Catalytic performance of carbon nanotubes in H2O2 decomposition: experimental and quantum chemical study

Katerina Voitko; Ajna Tóth; Evgenij Demianenko; Gábor Dobos; Barbara Berke; Olga Bakalinska; Anatolij Grebenyuk; Etelka Tombácz; Volodymyr Kuts; Yurij Tarasenko; Mykola Kartel; Krisztina László

doi:10.1016/j.jcis.2014.09.045

Catalytic performance of carbon nanotubes in H2O2 decomposition: experimental and quantum chemical study

J Colloid Interface Sci. 2015 Jan 1:437:283-290. doi: 10.1016/j.jcis.2014.09.045. Epub 2014 Sep 28.

Affiliations

¹ Chuiko Institute of Surface Chemistry of NAS of Ukraine, 17 General Naumov St., Kyiv 03164, Ukraine.
² Department of Physical Chemistry and Materials Science, Budapest University of Technology and Economics, H-1521 Budapest, Hungary.
³ Department of Atomic Physics, Budapest University of Technology and Economics, H-1521Budapest, Hungary.
⁴ Department of Physical Chemistry and Material Science, University of Szeged, H-6720 Szeged, Aradi Vértanúk tere 1, Hungary.
⁵ Department of Physical Chemistry and Materials Science, Budapest University of Technology and Economics, H-1521 Budapest, Hungary.
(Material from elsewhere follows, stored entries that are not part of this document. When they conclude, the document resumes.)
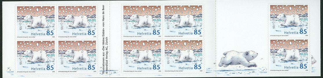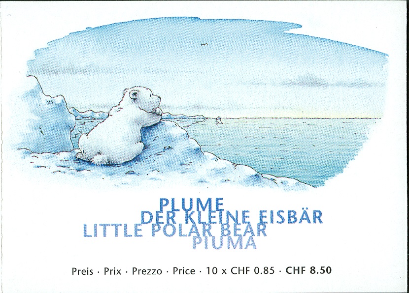 Zur Einzelmarke auf Trägerfolie erschien das Motiv mit 10 marken als Markenheftchen. Die Motivgestaltung des Markenheftchens ist für die Freunde des kleinen Eisbären sehr ansehenswert.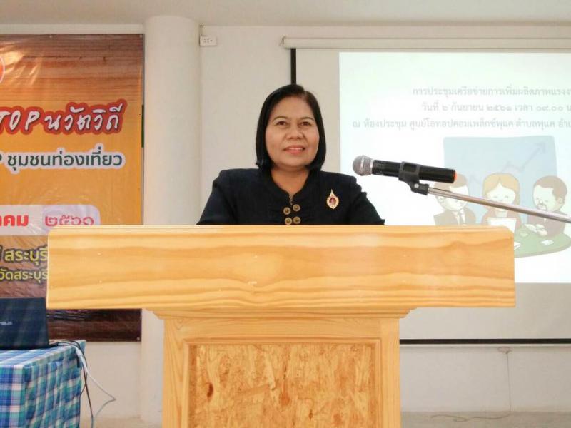 วันที่ 6 กันยายน 2561 เวลา 09.00 น. นางสาวรัตนา ทองกลับ แรงงานจังหวัดสระบุรี เป็นประธาน พิธีเปิดการอบรมโครงการประชุมเครือข่ายการเพิ่มผลิตภาพแรงงาน ซึ่งจัดโดยสำนักงานพัฒนาฝีมือแรงงานสระบุรี ณ ห้องประชุม ศูนย์โอทอปคอมเพล็กซ์พุแค ตำบลพุแค อำเภอเฉลิมพระเกียรติ จังหวัดสระบุรี โดยมีผู้เข้าร่วมประชุมที่เป็นผู้ประกอบการ SME กลุ่ม OTOP และวิสาหกิจชุมชน จำนวน 70 คน ทั้งนี้มีหัวหน้าส่วนราชการสังกัดกระทรวงแรงงานจังหวัดสระบุรี เข้าร่วมเป็นเกียรติในพิธีเปิดครั้งนี้ด้วย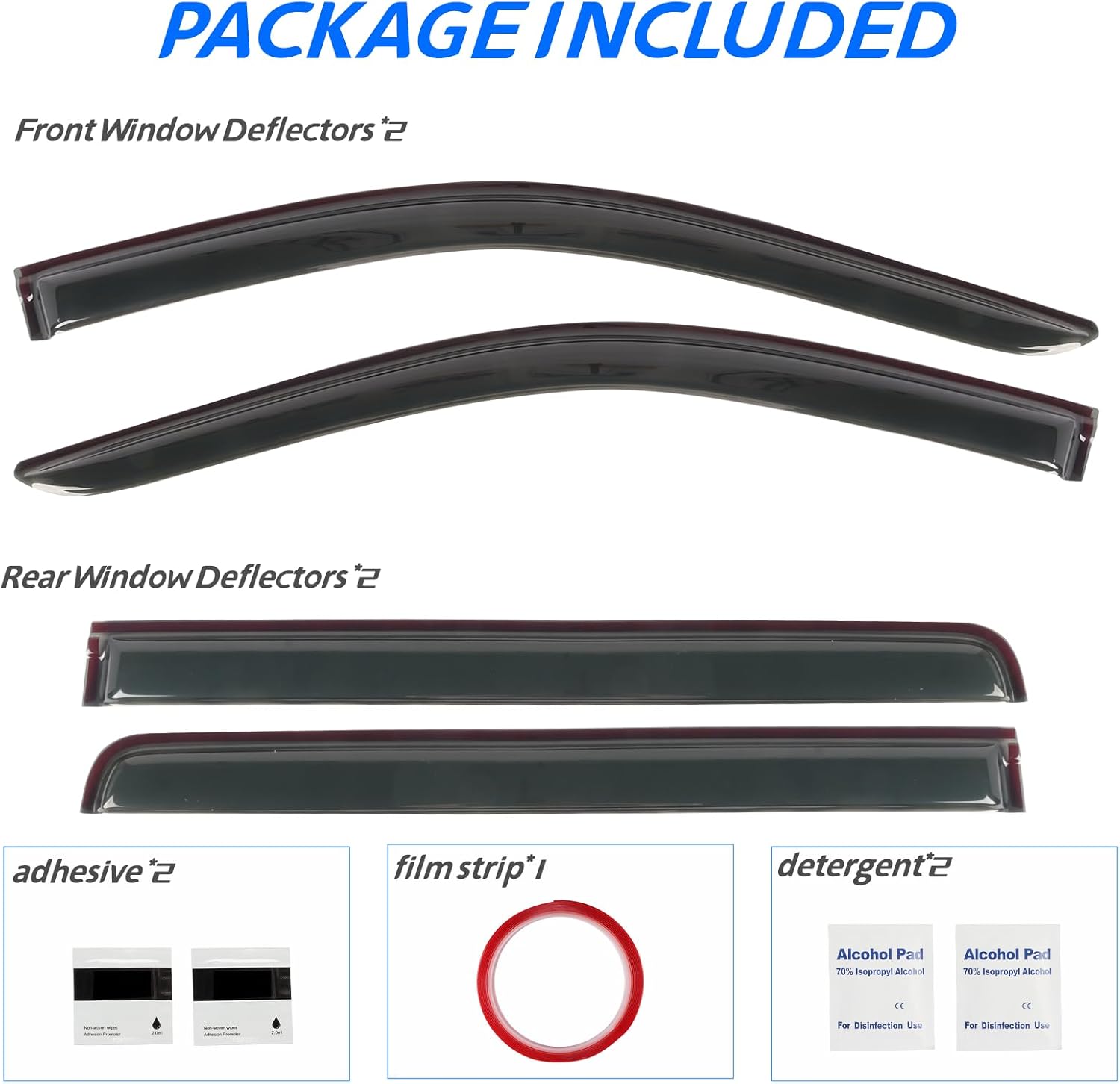 - Package Included: 4 pcs Vent Guards Shade Window Visors set - 2 pcs rear & 2 pcs front Vent Guards Visors, 2 pcs alcohol pad, 2 pcs adhesion promoter, a manual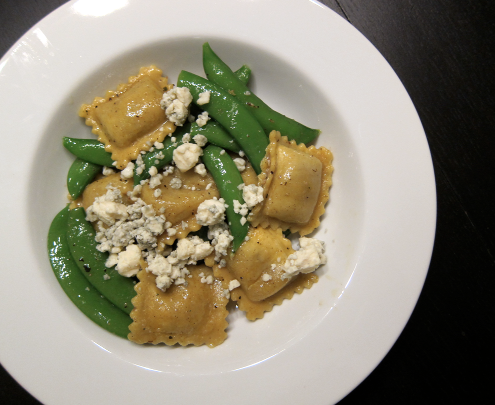 rising moon portobello ravioli with snap peas, gorgonzola, and truffle salt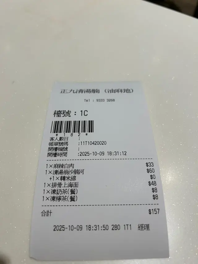 🍜 正九清湯腩(油麻地)🥢 必食指數 🍜🍜🍜🍜🍜(5🍜為最高)油麻地街市附近搵食,呢間正九清湯腩絕對係隱世寶藏!一入店就聞到濃郁湯香,叫咗個麻辣白肉,麻勁夠爽、辣度剛好,白肉嫩到冇得彈;招牌清湯崩沙腩河仲要加轉米線,腩肉炆到軟腍入味,湯頭熬得濃稠鮮甜,米線吸晒湯汁精華,每一啖都係滿足感;排骨上海面嘅排骨份量十足,炆到骨肉幾乎分離,上海麵條掛住滷汁,鹹香入味,連湯都想飲埋!凍奶茶茶味醇厚、凍檸茶酸香醒神,飲落完全唔澀,配麵食一流~餐廳環境好有香港地道茶記風味,師傅落手落腳煮麵,充滿煙火氣。無論係返工放工想食碗熱辣辣嘅湯麵,定係周末搵間街坊店嘆返餐,呢度都係心水之選。從湯底到食材,每樣都感受到老闆嘅用心,難怪係附近街坊嘅常駐飯堂!呢度嘅清湯腩系列係真·靈魂出品,其他麵食小食都冇伏,水準穩到一個點,絕對值得專程過來油麻地試試,食過返尋味!📍正九清湯腩(油麻地)hkfoodie #foodie #油麻地美食 #清湯腩天花板 #香港街頭美食 #街坊食堂 #港式湯麵 #麻辣白肉 #排骨上海面 #食在香港 #打卡必食 #香港味道 #食咗未…查看更多

Electronic address: klaszlo@mail.bme.hu.

PMID: 25441362
DOI: 10.1016/j.jcis.2014.09.045

Abstract

The catalytic performance of multi-walled carbon nanotubes (MWCNTs) with different surface chemistry was studied in the decomposition reaction of H2O2 at various values of pH and temperature. A comparative analysis of experimental and quantum chemical calculation results is given. It has been shown that both the lowest calculated activation energy (∼18.9 kJ/mol) and the highest rate constant correspond to the N-containing CNT. The calculated chemisorption energy values correlate with the operation stability of MWCNTs. Based on the proposed quantum chemical model it was found that the catalytic activity of carbon materials in electron transfer reactions is controlled by their electron donor capability.

Keywords: Functionalized MWCNT; Heterogeneous catalysts; Hydrogen peroxide decomposition; Quantum chemical simulation.